Human Rights lawyer and activist Femi Falana does not disappoint. His thoughtful and thought-provoking article on the illegality of stay of proceedings in Saraki’s case published yesterday by SR, is a solid piece that illuminates the subject of unending trial of Saraki. Citing the provisions of sections 306 and 396 of the Administration of Criminal Justice Act, 2015, Falana argues that “… the law has abolished stay of proceedings and interlocutory appeals by merging all preliminary objections with the substantive case in any criminal case instituted in a federal court in the country.”

“The evolutionary intervention of the law,” continues Falana, “ was occasioned by the unending trial of politically exposed persons in corruption cases.” In a penetrating and insightful analysis citing numerous cases, Falana blames Justice Fabiyi for the stay on Saraki’s case. Listen to Falana: “Therefore, any judge who orders a stay of proceedings in any criminal trial does so illegally and is liable to be sanctioned by the National Judicial Council. It is unfathomable that the Supreme Court decided to return the country to the status quo ante in rather brazen and bizarre manner.”

Fabiyi’s decision to stay the proceedings of Saraki’s case at the CCT is inherently dangerous to the health of our democracy and for justice to thrive in a country badly riddled by corruption.

In order to control things for the benefit of the rich and the powerful like Saraki, Nigerian judges act like perverts with regard to average Nigerians. They lie, rob, cheat, steal, and destroy any mere Nigerian. With the expose done so far by SR on Nigerian judges handling Saraki’s case, the Nigerian judges operate like criminal gangs. They get together to decide which case to halt or dismiss outright.
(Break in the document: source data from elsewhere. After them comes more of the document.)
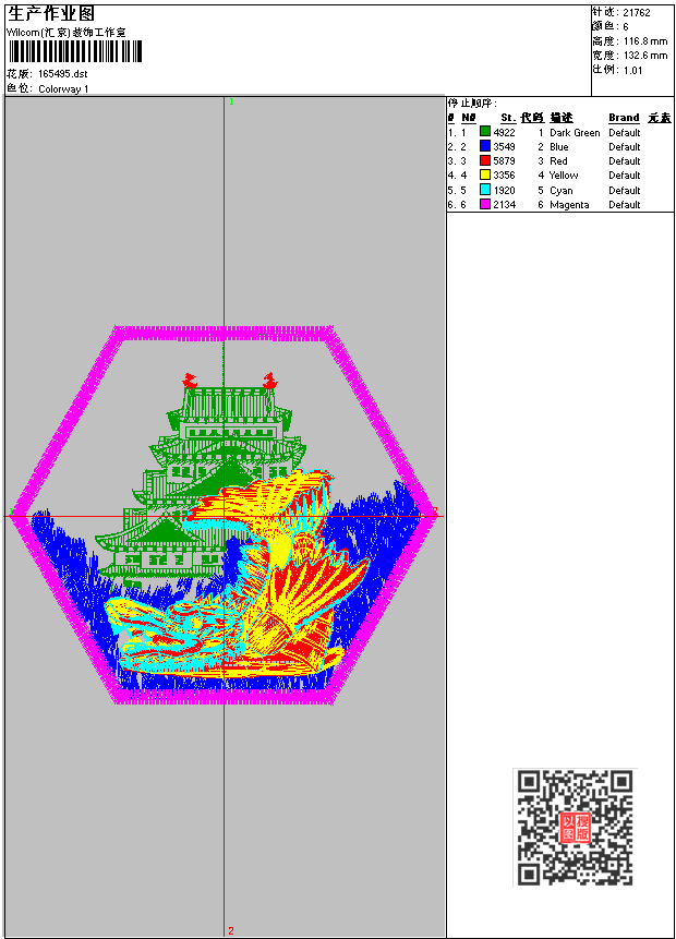 - dst花版参数: 大小:64.26 KB / 尺寸:133*117[毫米] / 针数:21762针 / 线色:6 / 格式:dst / 版本:6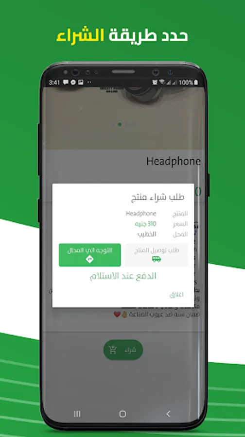 او تطلب من التطبيق يوصلك للمحل اللي فيه المنتج ووقتها تقدر تعاين المنتج بنفسك قبل الشراء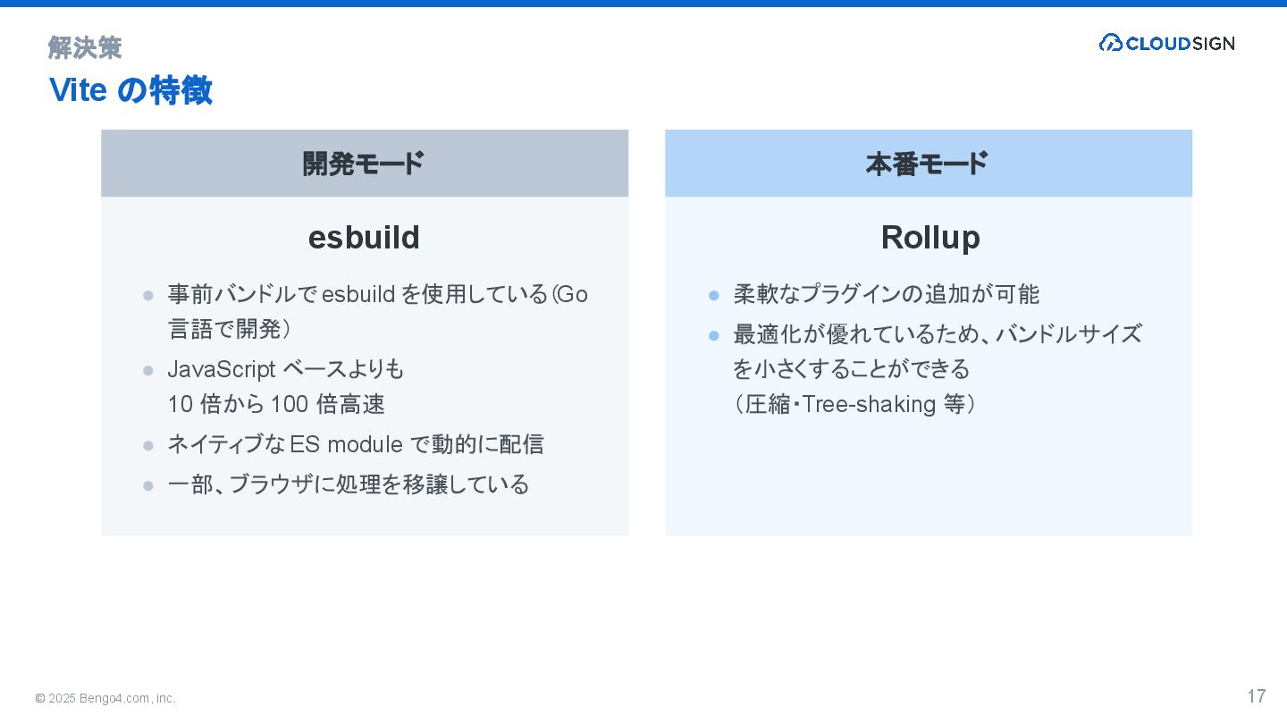 8. © 2025 Bengo4.com, inc. 17 解決策 Vite の特徴 • 事前バンドルで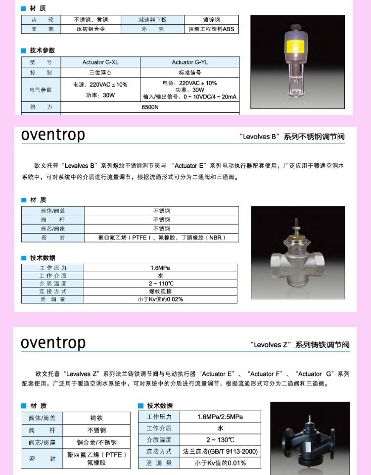 oventrop"Levalves Z"系列铸铁调节阀欧文托普"Levalves Z"系列法兰铸铁调节阀与电动执行器"Actuator E"、"Actuator F"、"Actuator G"系列配套使用,广泛用于暖通空调水系统中,可对系统中的介质进行流量调节,根据流通形式可分为二通阀和三通阀。 材 质 技术数据

The Supreme Court’s job is to interpret the Constitution – nothing more and nothing less. What the Supreme Court says and does has a broad effect on the values and long term direction of our society. The Supreme Court has a special power to rise above corruption, bribery, mean-spirited stereotypes. The Supreme Court should lead the way in interpreting the Constitution and upholding justice for the highly and the lowly, the prince and the pauper.

But “the Emperor has no clothes!” The Supreme Court has been stripped naked by the SR investigative reports and the illegality of its ruling brilliantly exposed by Falana. The Supreme Court is boxed in. The nation is waiting and watching. Let Saraki’s case begin NOW!